[WHAT NEEDS TO BE DONE]: Omit the pictures, then write out every entry exactly as it reads.
*** EXERCISE INPUT ***
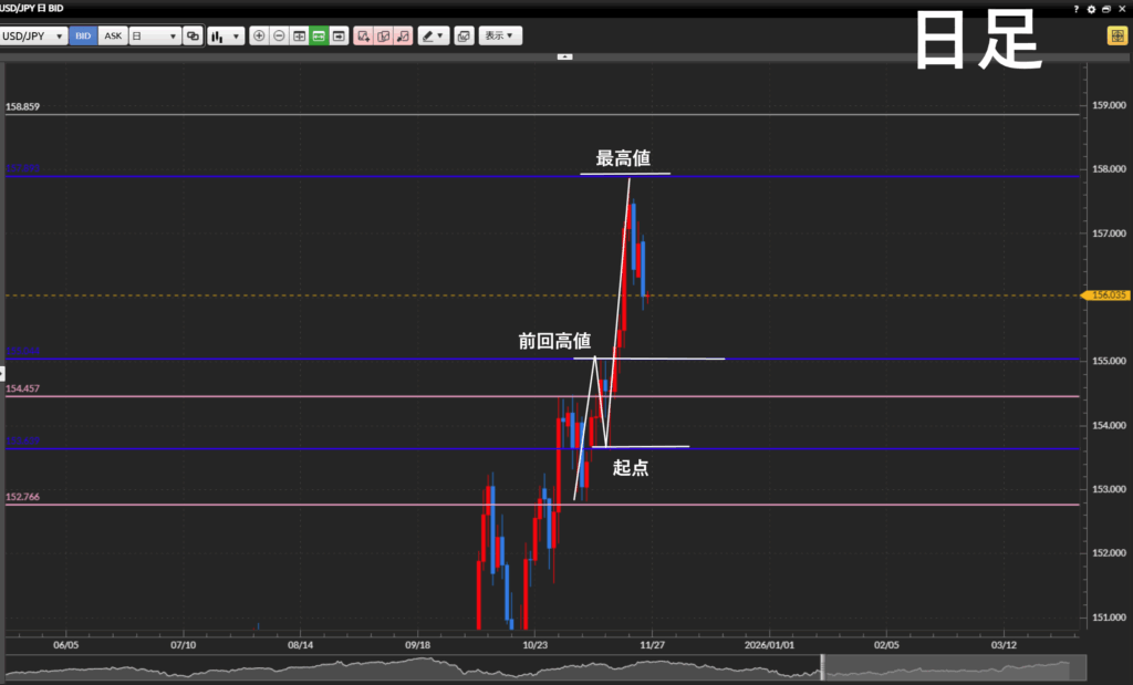 ・前回高値まで落ちてきているので、ここから「買い」を狙いたい相場
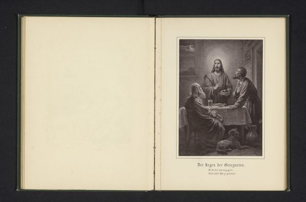 Curator: This is Frederick Hollyer's ink drawing, "Christ and the woman of Samaria," created before 1885. It offers an intriguing interplay of light and shadow. Editor: There’s a certain tranquility that emanates from it. The figures, Christ and the woman, seem suspended in a moment of quiet contemplation beside that well. Curator: The composition is certainly central. Consider the structural dynamic established by the well; it acts as a pivotal point, linking the figures while also creating a visual division between the left and right. How do you read that symbolic division? Editor: To me, the well itself is steeped in meaning, representing not just a source of physical sustenance, but also spiritual nourishment. In the historical context, wells were often communal gathering places, social hubs but this particular scene points to the challenging boundaries of different cultures and beliefs meeting, with water being both their connector and divider. Curator: Precisely, note the rendering of the landscape background, providing depth yet not distracting from the figures. Hollyer has cleverly created that dynamic. The subtle modulation in the treatment of shadow creates a palpable visual hierarchy. Editor: Agreed. And I keep coming back to the halos above their heads - such a traditional artistic trope but still so potent in marking these individuals as significant, set apart from the everyday. This symbol carries layers of cultural meaning. Curator: It also brings forth a challenge. What do you think about how that is in contradiction to what would appear to be Hollyer's realist style? Editor: Perhaps that visual juxtaposition is where its potency is drawn from. By presenting figures from sacred texts in the guise of everyday, identifiable humanity, Holleyer creates a point of contact for contemporary observers, beckoning them to project meaning. Curator: Hollyer, through his technical skill with ink, compels us to reflect on the broader themes. The strategic arrangement allows interpretation, I find. Editor: It's a deceptively simple piece, isn't it? Full of artistic intentionality and timeless visual storytelling.
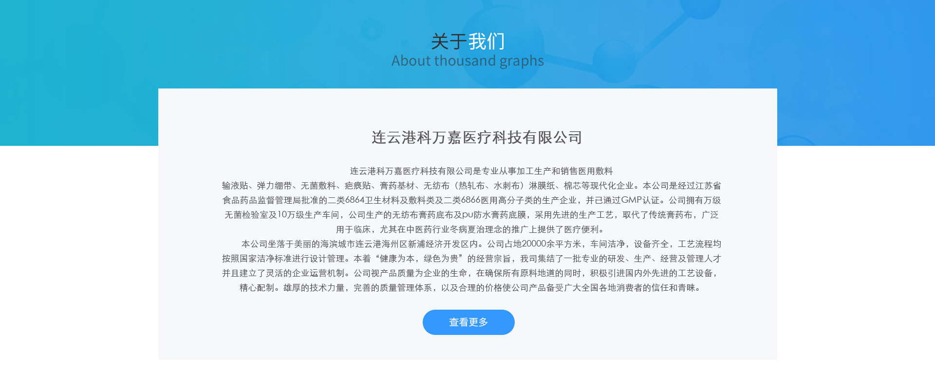 連云港科萬嘉醫(yī)用敷料有限公司是經(jīng)過江蘇省食品藥品監(jiān)督管理局批準的二類6864衛(wèi)生材料及敷料類及二類6866醫(yī)用高分子類的生產(chǎn)企業(yè)。并已通過GMP認證。公司擁有萬級無菌檢驗室及10萬級生產(chǎn)車間。主要產(chǎn)品有特種規(guī)格無紡布、無紡布膠帶、
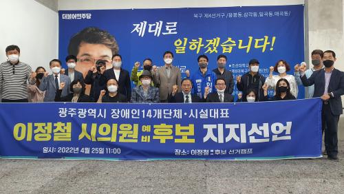 ºÏ±¸ Àå¾ÖÀÎ º¹Áöȸ(ÇÑ»óµæ), »ç)±¤ÁÖ Àå¾ÖÀÎ »ç¶û º¹Áöȸ(ÃÖÈï±Ô), Àå¾ÖÀÎ ¹®È¿¹¼ú Áö¿ø¼¾Å¸(Á¤Áø»ï) µî 14°³ ´Üü´Â 25ÀÏ ¿ÀÀü ±¤ÁÖ½ÃÀÇȸ ÀÌÁ¤Ã¶ ¿¹ºñÈĺ¸ ¼±°ÅÄ·ÇÁ¿¡¼ ±âÀÚȸ°ßÀ» °³ÃÖÇÏ°í ¡°ÁÖ¹ÎÀ» ´ëº¯ÇÏ°í ¼¶±æ ÁÙ ¾Æ´Â ±×·± Á¤Ä¡ÀÎÀ» ÁöÁöÇÑ´Ù¡±¸ç ÀÌÁ¤Ã¶ ¿¹ºñÈ常¦ ÀûÀÓÀÚ·Î ³»¼¼¿ü´Ù.
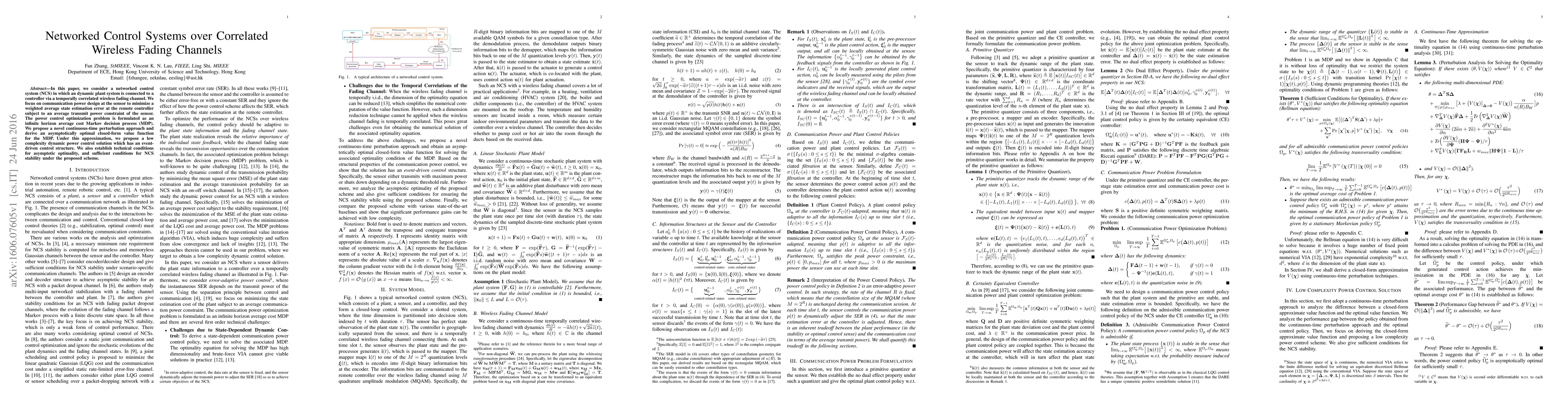 In this paper, we consider a networked control system (NCS) in which an dynamic plant system is connected to a controller via a temporally correlated wireless fading channel. We focus on communication power design at the sensor to minimize a weighted average state estimation error at the remote controller subject to an average transmit power constraint of the sensor. The power control optimization problem is formulated as an infinite horizon average cost Markov decision process (MDP). We propose a novel continuous-time perturbation approach and derive an asymptotically optimal closed-form value function for the MDP. Under this approximation, we propose a low complexity dynamic power control solution which has an event- driven control structure. We also establish technical conditions for asymptotic optimality, and sufficient conditions for NCS stability under the proposed scheme.
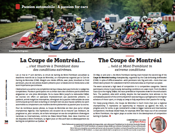 Les 31 mai et 1ers juins derniers, le circuit de karting de Mont-Tremblant accueillait la 2e manche de la Coupe de Montréal, un championnat organisé par le Club de Karting de Montréal (CKM). Malgré une météo difficile, avec pluie, brouillard et froid persistant, plus de 260 pilotes étaient présents pour un week-end où l’endurance a été aussi importante que la vitesse.
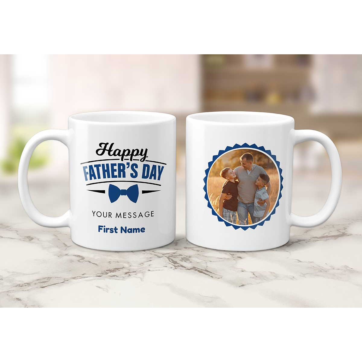 The mug is personalised with your photo and message as illustrated.
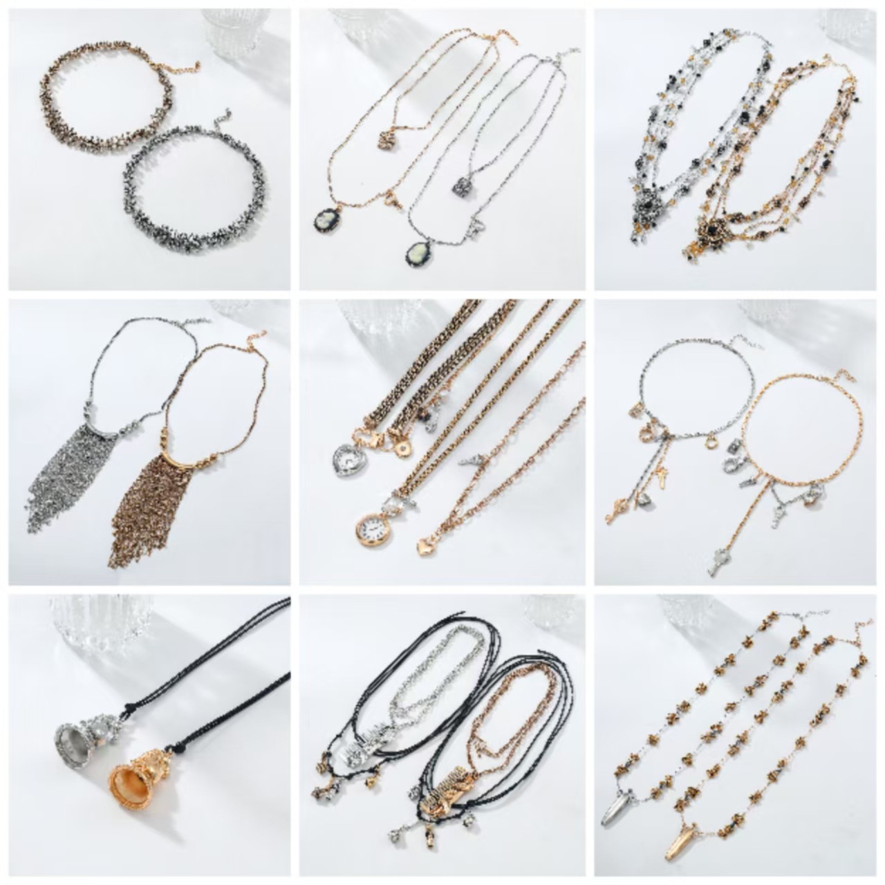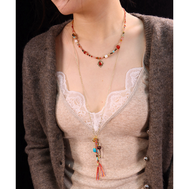 Diamond Crystal Collar Long Chain Pendant Retro Stacked Multi-Layer Necklace Women's Clavicle Chain Bohemian Holiday Style Women
*** End of EXERCISE INPUT ***
[WRITTEN RESPONSE]:
 ・前回高値まで落ちてきているので、ここから「買い」を狙いたい相場
 Curator: This is Frederick Hollyer's ink drawing, "Christ and the woman of Samaria," created before 1885. It offers an intriguing interplay of light and shadow. Editor: There’s a certain tranquility that emanates from it. The figures, Christ and the woman, seem suspended in a moment of quiet contemplation beside that well. Curator: The composition is certainly central. Consider the structural dynamic established by the well; it acts as a pivotal point, linking the figures while also creating a visual division between the left and right. How do you read that symbolic division? Editor: To me, the well itself is steeped in meaning, representing not just a source of physical sustenance, but also spiritual nourishment. In the historical context, wells were often communal gathering places, social hubs but this particular scene points to the challenging boundaries of different cultures and beliefs meeting, with water being both their connector and divider. Curator: Precisely, note the rendering of the landscape background, providing depth yet not distracting from the figures. Hollyer has cleverly created that dynamic. The subtle modulation in the treatment of shadow creates a palpable visual hierarchy. Editor: Agreed. And I keep coming back to the halos above their heads - such a traditional artistic trope but still so potent in marking these individuals as significant, set apart from the everyday. This symbol carries layers of cultural meaning. Curator: It also brings forth a challenge. What do you think about how that is in contradiction to what would appear to be Hollyer's realist style? Editor: Perhaps that visual juxtaposition is where its potency is drawn from. By presenting figures from sacred texts in the guise of everyday, identifiable humanity, Holleyer creates a point of contact for contemporary observers, beckoning them to project meaning. Curator: Hollyer, through his technical skill with ink, compels us to reflect on the broader themes. The strategic arrangement allows interpretation, I find. Editor: It's a deceptively simple piece, isn't it? Full of artistic intentionality and timeless visual storytelling.
 連云港科萬嘉醫(yī)用敷料有限公司是經(jīng)過江蘇省食品藥品監(jiān)督管理局批準的二類6864衛(wèi)生材料及敷料類及二類6866醫(yī)用高分子類的生產(chǎn)企業(yè)。并已通過GMP認證。公司擁有萬級無菌檢驗室及10萬級生產(chǎn)車間。主要產(chǎn)品有特種規(guī)格無紡布、無紡布膠帶、
 ºÏ±¸ Àå¾ÖÀÎ º¹Áöȸ(ÇÑ»óµæ), »ç)±¤ÁÖ Àå¾ÖÀÎ »ç¶û º¹Áöȸ(ÃÖÈï±Ô), Àå¾ÖÀÎ ¹®È¿¹¼ú Áö¿ø¼¾Å¸(Á¤Áø»ï) µî 14°³ ´Üü´Â 25ÀÏ ¿ÀÀü ±¤ÁÖ½ÃÀÇȸ ÀÌÁ¤Ã¶ ¿¹ºñÈĺ¸ ¼±°ÅÄ·ÇÁ¿¡¼ ±âÀÚȸ°ßÀ» °³ÃÖÇÏ°í ¡°ÁÖ¹ÎÀ» ´ëº¯ÇÏ°í ¼¶±æ ÁÙ ¾Æ´Â ±×·± Á¤Ä¡ÀÎÀ» ÁöÁöÇÑ´Ù¡±¸ç ÀÌÁ¤Ã¶ ¿¹ºñÈ常¦ ÀûÀÓÀÚ·Î ³»¼¼¿ü´Ù.
 In this paper, we consider a networked control system (NCS) in which an dynamic plant system is connected to a controller via a temporally correlated wireless fading channel. We focus on communication power design at the sensor to minimize a weighted average state estimation error at the remote controller subject to an average transmit power constraint of the sensor. The power control optimization problem is formulated as an infinite horizon average cost Markov decision process (MDP). We propose a novel continuous-time perturbation approach and derive an asymptotically optimal closed-form value function for the MDP. Under this approximation, we propose a low complexity dynamic power control solution which has an event- driven control structure. We also establish technical conditions for asymptotic optimality, and sufficient conditions for NCS stability under the proposed scheme.
 Les 31 mai et 1ers juins derniers, le circuit de karting de Mont-Tremblant accueillait la 2e manche de la Coupe de Montréal, un championnat organisé par le Club de Karting de Montréal (CKM). Malgré une météo difficile, avec pluie, brouillard et froid persistant, plus de 260 pilotes étaient présents pour un week-end où l’endurance a été aussi importante que la vitesse.
 The mug is personalised with your photo and message as illustrated.
 Diamond Crystal Collar Long Chain Pendant Retro Stacked Multi-Layer Necklace Women's Clavicle Chain Bohemian Holiday Style Women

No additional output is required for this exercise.